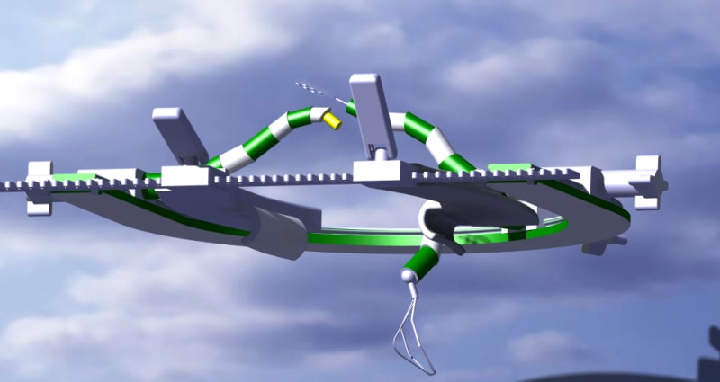 The front of the Multi-joint arm will have a clip-on and off attachments for number of purposes.
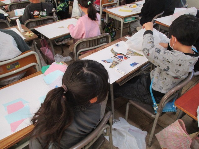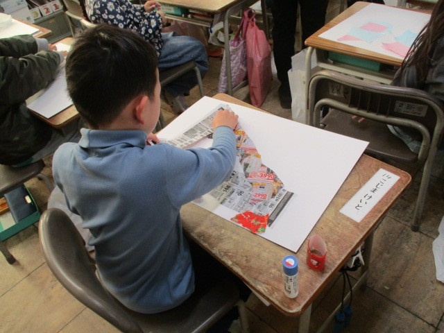 家からもってきた新聞や包装紙を使って貼り絵です。
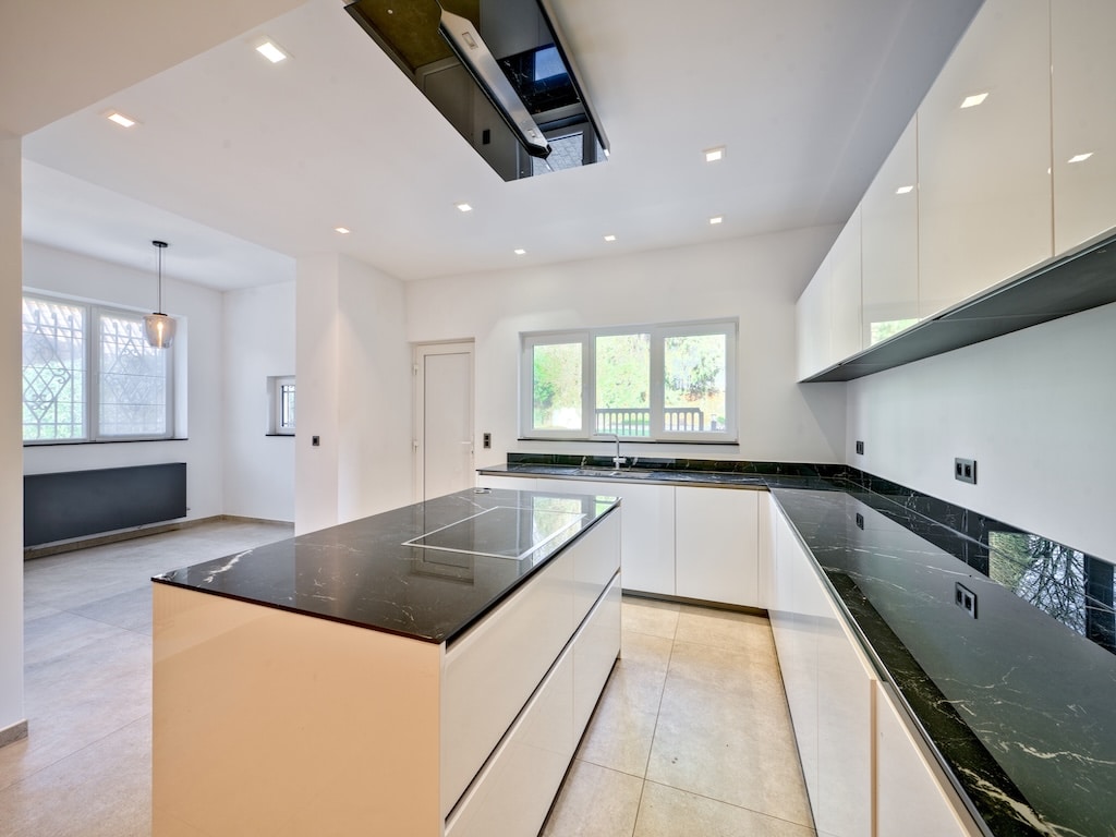 Cuisine Moderne avec Îlot Élégant et Lumineux
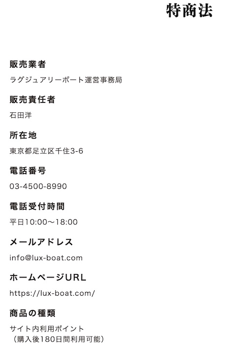 - 【販売業者】ラグジュアリーボート運営事務局
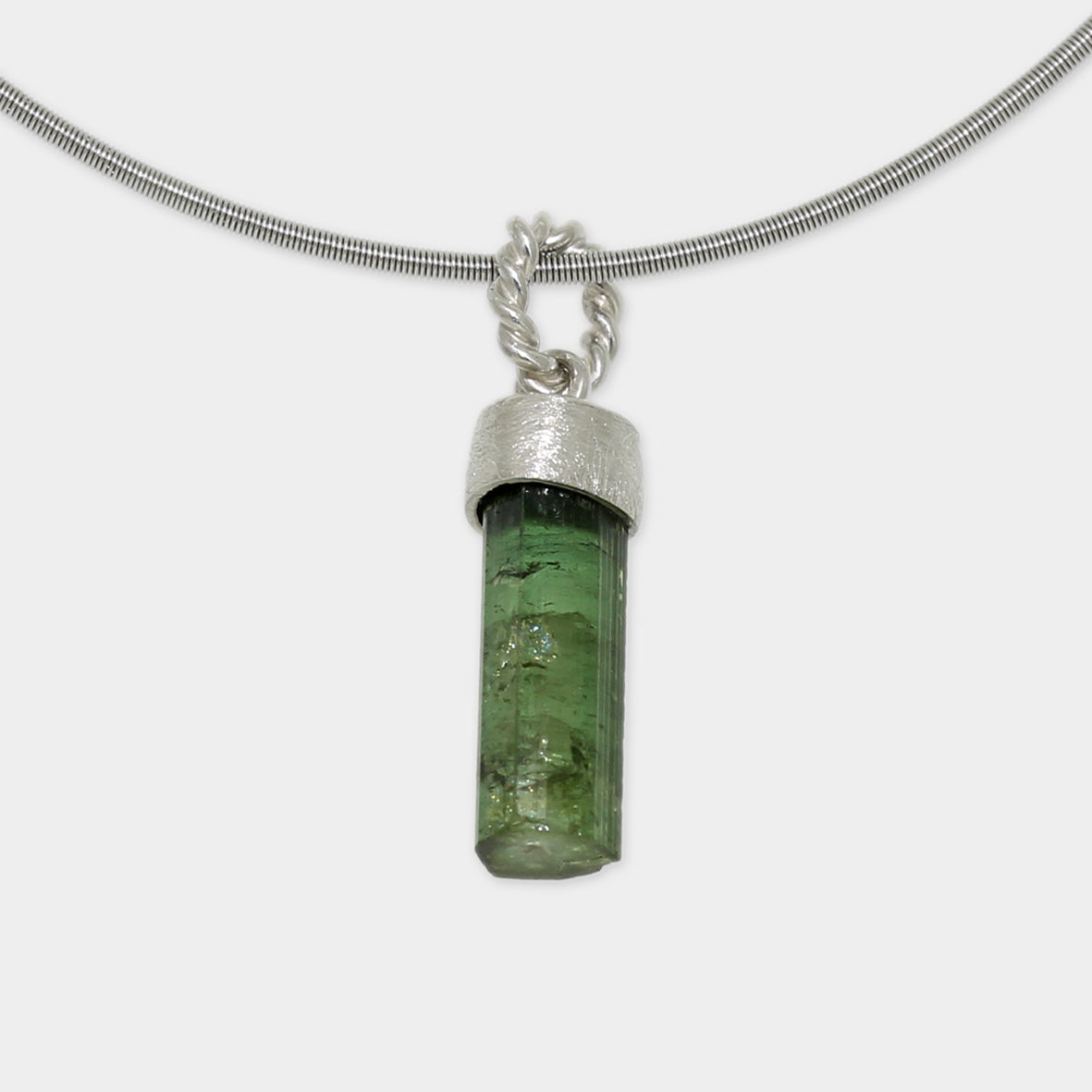 Dieser Turmalinkristall ist ein natürlicher Edelstein, dessen Flächen nicht geschliffen wurden. Der Turmalin zeigt je nach Lichteinfall feine Farbnuancen und schimmernde Strukturen, die seine kristalline Herkunft betonen. Eingefasst in edles Sterlingsilber entsteht ein Schmuckstück von zeitloser Eleganz und ausdrucksstarker Wirkung.
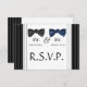 Cette carte RSVP de mariage présente deux graphiques en cravate arc en soie, des rayures de pin gris et noir et un graphisme plissé de chemise blanche. Très élégant. Facilement customisé. bleu royal ::ENVELOPES INCLUT :
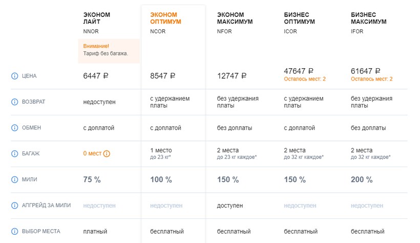 «Оптимум». Помимо ручной клади (также 1 место до 5 кг) вы сможете сдать в багаж 1 чемодан (до 20 кг). Как и в предыдущем тарифе, возврат билета невозможен.
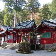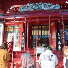太い木のある森の中に神社はあり赤と緑のコントラストが印象的でした。
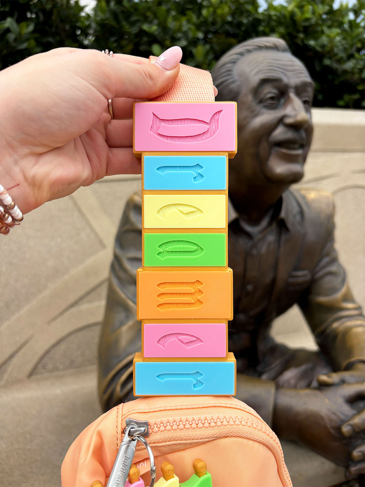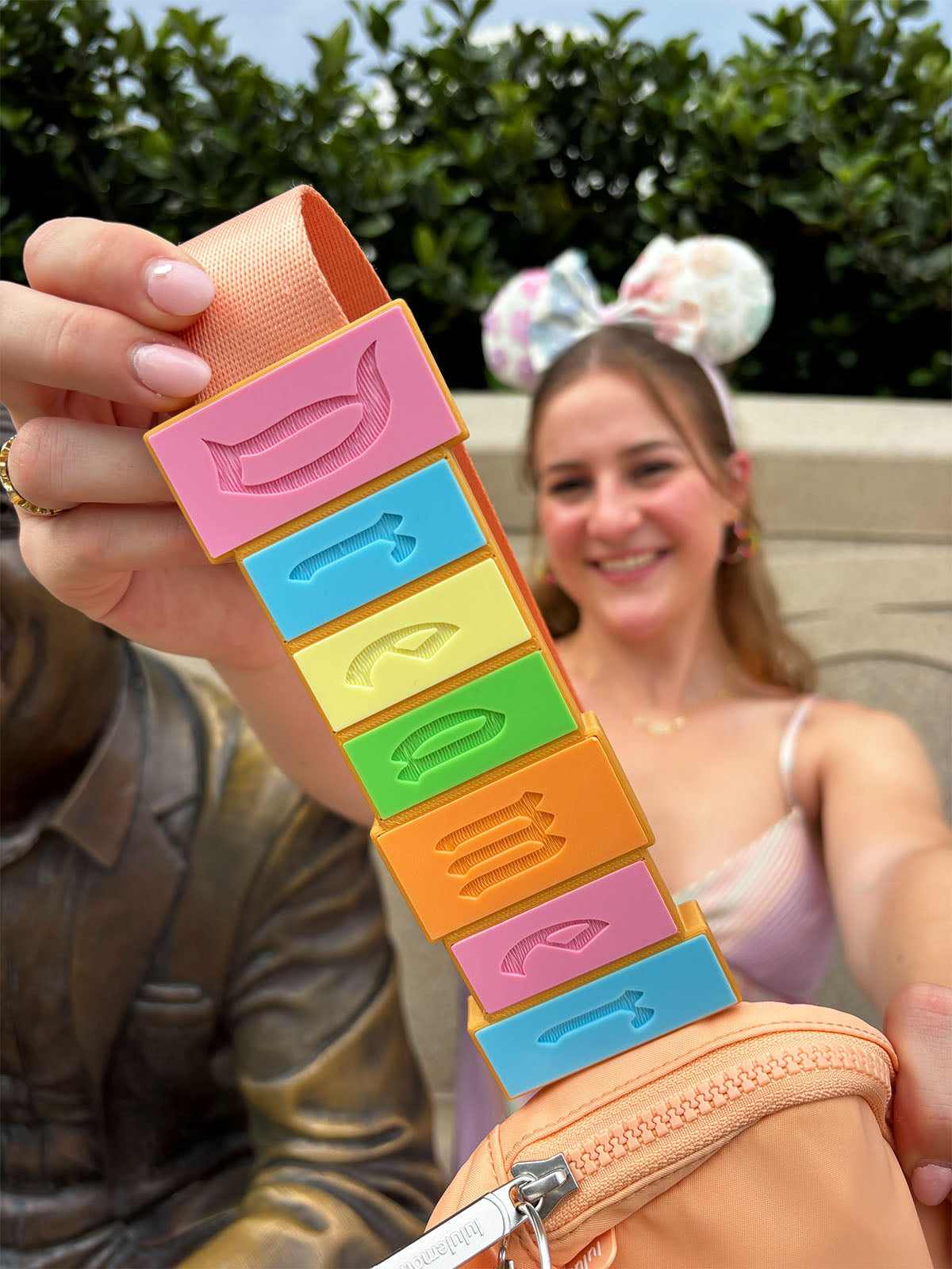 We recommend a Lock Adapter for narrower straps or lanyards less than 1.5" wide. Listing is for one tree charm in green color filament. Other items pictured are not included, but other Bag Charms and Magic Band Buddies are available separately.
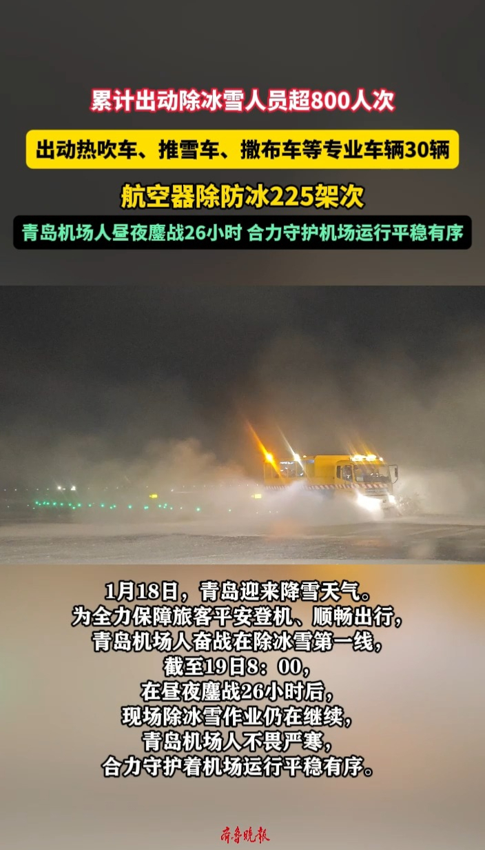 果然视频丨护航起飞!青岛机场人昼夜鏖战26小时除冰雪齐鲁晚报·齐鲁壹点客户端 12:04原创1月18日夜间至19日,青岛迎来降雪天气。为全力保障旅客平安登机、顺畅出行,截至19日8:00,在昼夜鏖战26小时后,青岛机场人奋战在除冰雪第一线,不畏严寒、众志成城,合力守护着机场运行平稳有序。 (齐鲁晚报·齐鲁壹点记者 尚青龙)
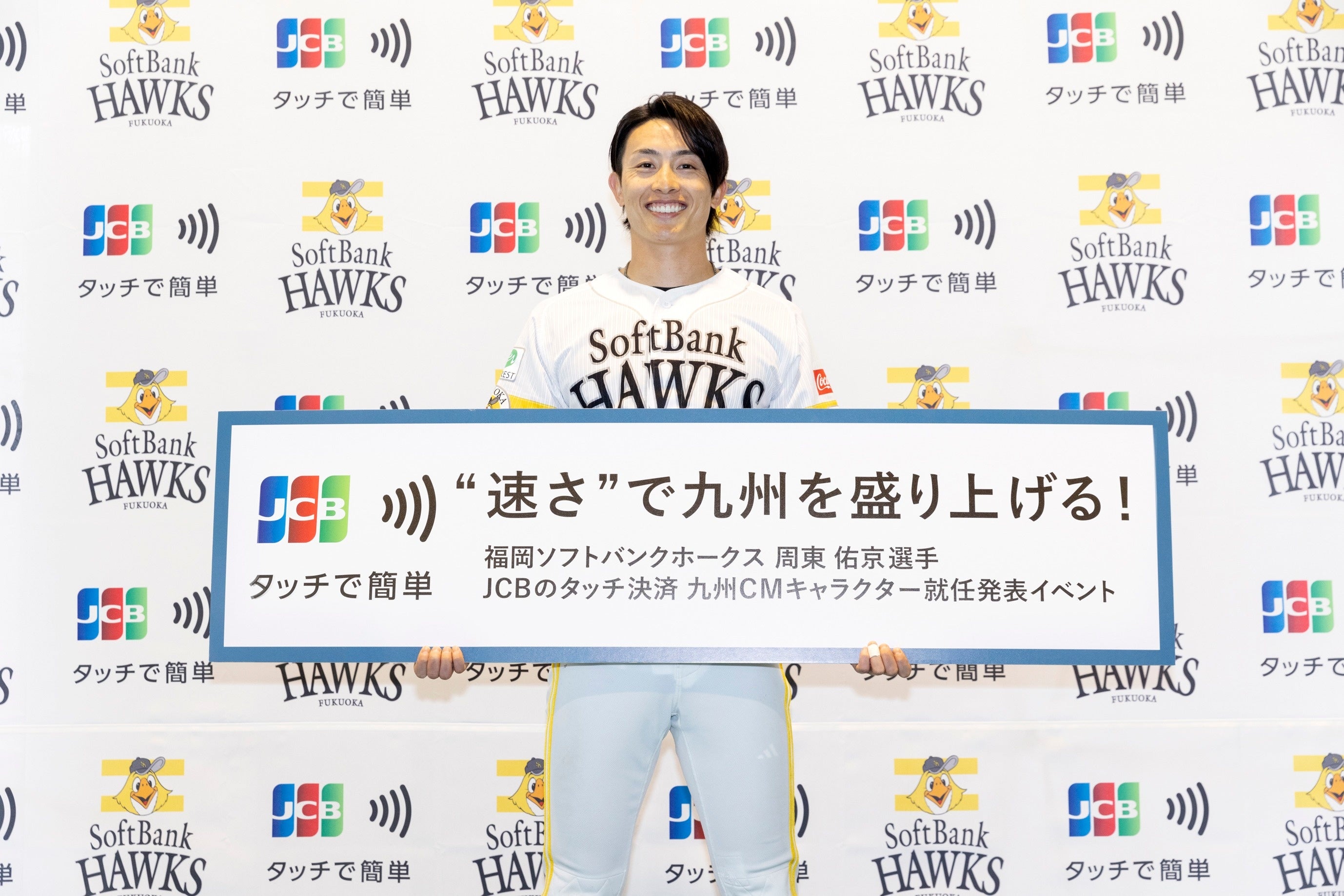 JCB 九州支社長の佐久間航也は周東選手をJCBのタッチ決済 九州CMキャラクターとして起用した理由として、「周東選手は、4回盗塁王を獲得した“圧倒的な速さ”のイメージがある選手です。JCBはタッチ決済の早さを市場により早く浸透させるために“速さの男“周東選手とともに今年1年、九州をタッチ決済で盛り上げていきたいと思います。」と語りました。
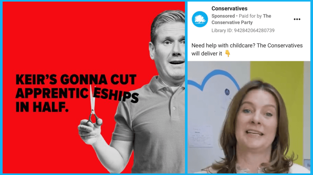 For example, there are ads which attack Keir Starmer for wanting to cut the number of apprenticeships. And there are ads promoting the Conservatives’ policy on free childcare.
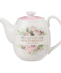He Gives Me New Strength Ceramic Teapot - Psalm 23:3
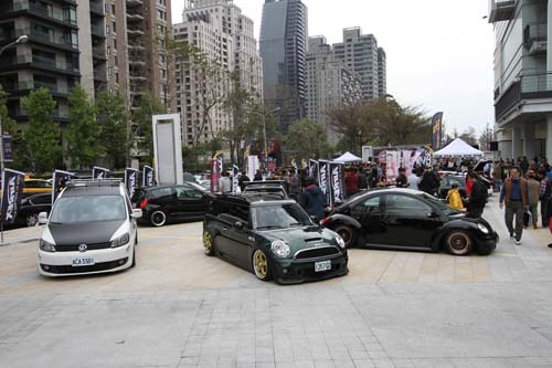 這場由E-51 Car Studio舉辦的海拉風派對,活動地點選在過去不常見的台中Tiger City門口廣場與周邊兩個停車場內,也或許是因為活動地點選在交通便利的市區,因此當天包含參展與觀展的車輛數多達200多部,還不包含周邊道路旁停車格內的車輛數,因此當天整個活動人氣可是強強滾,相當成功。而既然號召這麼多部海拉風靚車聚集在一起,沒有來個選美比賽似乎有些可惜,因此E-51 Car Studio特別針對每部參展車的改裝方式、俱備元素與車主裝扮等,進行評分選出前三部最符合海拉風格的車來進行頒獎,讓活動有了更具意義的焦點。
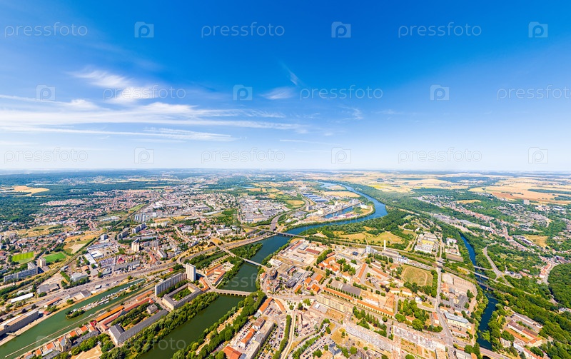 Мец, Франция. Панорама города в летний день. Солнечная погода. Вид с воздуха
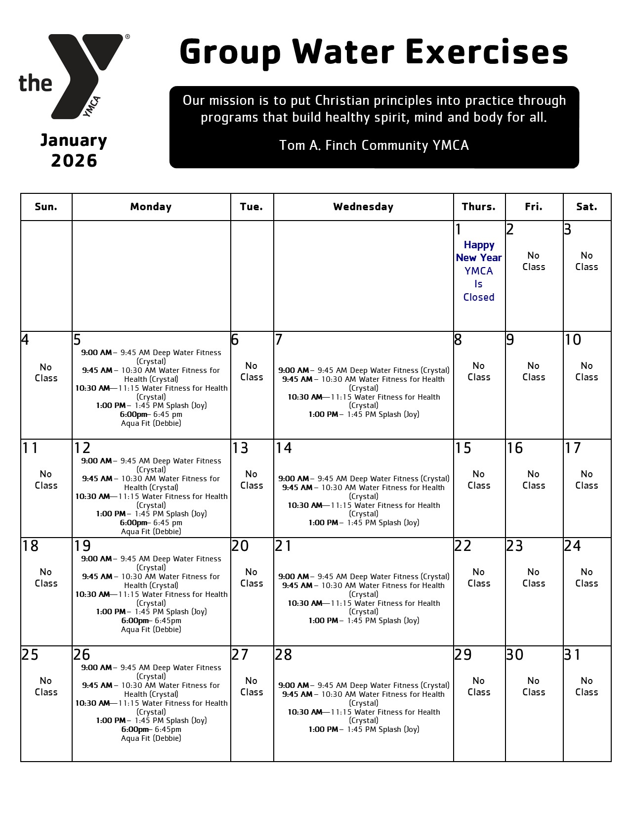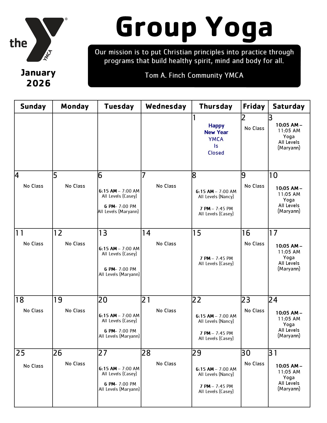 Cost: $50 for Tom A. Finch Community YMCA Members | $85 for Non-Members
——
_Task description:_ Exactly as written, give the entries above again, with no images.

_Written solution:_
 The front of the Multi-joint arm will have a clip-on and off attachments for number of purposes.
 家からもってきた新聞や包装紙を使って貼り絵です。
 Cuisine Moderne avec Îlot Élégant et Lumineux
 - 【販売業者】ラグジュアリーボート運営事務局
 Dieser Turmalinkristall ist ein natürlicher Edelstein, dessen Flächen nicht geschliffen wurden. Der Turmalin zeigt je nach Lichteinfall feine Farbnuancen und schimmernde Strukturen, die seine kristalline Herkunft betonen. Eingefasst in edles Sterlingsilber entsteht ein Schmuckstück von zeitloser Eleganz und ausdrucksstarker Wirkung.
 Cette carte RSVP de mariage présente deux graphiques en cravate arc en soie, des rayures de pin gris et noir et un graphisme plissé de chemise blanche. Très élégant. Facilement customisé. bleu royal ::ENVELOPES INCLUT :
 «Оптимум». Помимо ручной клади (также 1 место до 5 кг) вы сможете сдать в багаж 1 чемодан (до 20 кг). Как и в предыдущем тарифе, возврат билета невозможен.
太い木のある森の中に神社はあり赤と緑のコントラストが印象的でした。
 We recommend a Lock Adapter for narrower straps or lanyards less than 1.5" wide. Listing is for one tree charm in green color filament. Other items pictured are not included, but other Bag Charms and Magic Band Buddies are available separately.
 果然视频丨护航起飞!青岛机场人昼夜鏖战26小时除冰雪齐鲁晚报·齐鲁壹点客户端 12:04原创1月18日夜间至19日,青岛迎来降雪天气。为全力保障旅客平安登机、顺畅出行,截至19日8:00,在昼夜鏖战26小时后,青岛机场人奋战在除冰雪第一线,不畏严寒、众志成城,合力守护着机场运行平稳有序。 (齐鲁晚报·齐鲁壹点记者 尚青龙)
 JCB 九州支社長の佐久間航也は周東選手をJCBのタッチ決済 九州CMキャラクターとして起用した理由として、「周東選手は、4回盗塁王を獲得した“圧倒的な速さ”のイメージがある選手です。JCBはタッチ決済の早さを市場により早く浸透させるために“速さの男“周東選手とともに今年1年、九州をタッチ決済で盛り上げていきたいと思います。」と語りました。
 For example, there are ads which attack Keir Starmer for wanting to cut the number of apprenticeships. And there are ads promoting the Conservatives’ policy on free childcare.
He Gives Me New Strength Ceramic Teapot - Psalm 23:3
 這場由E-51 Car Studio舉辦的海拉風派對,活動地點選在過去不常見的台中Tiger City門口廣場與周邊兩個停車場內,也或許是因為活動地點選在交通便利的市區,因此當天包含參展與觀展的車輛數多達200多部,還不包含周邊道路旁停車格內的車輛數,因此當天整個活動人氣可是強強滾,相當成功。而既然號召這麼多部海拉風靚車聚集在一起,沒有來個選美比賽似乎有些可惜,因此E-51 Car Studio特別針對每部參展車的改裝方式、俱備元素與車主裝扮等,進行評分選出前三部最符合海拉風格的車來進行頒獎,讓活動有了更具意義的焦點。
 Мец, Франция. Панорама города в летний день. Солнечная погода. Вид с воздуха
 Cost: $50 for Tom A. Finch Community YMCA Members | $85 for Non-Members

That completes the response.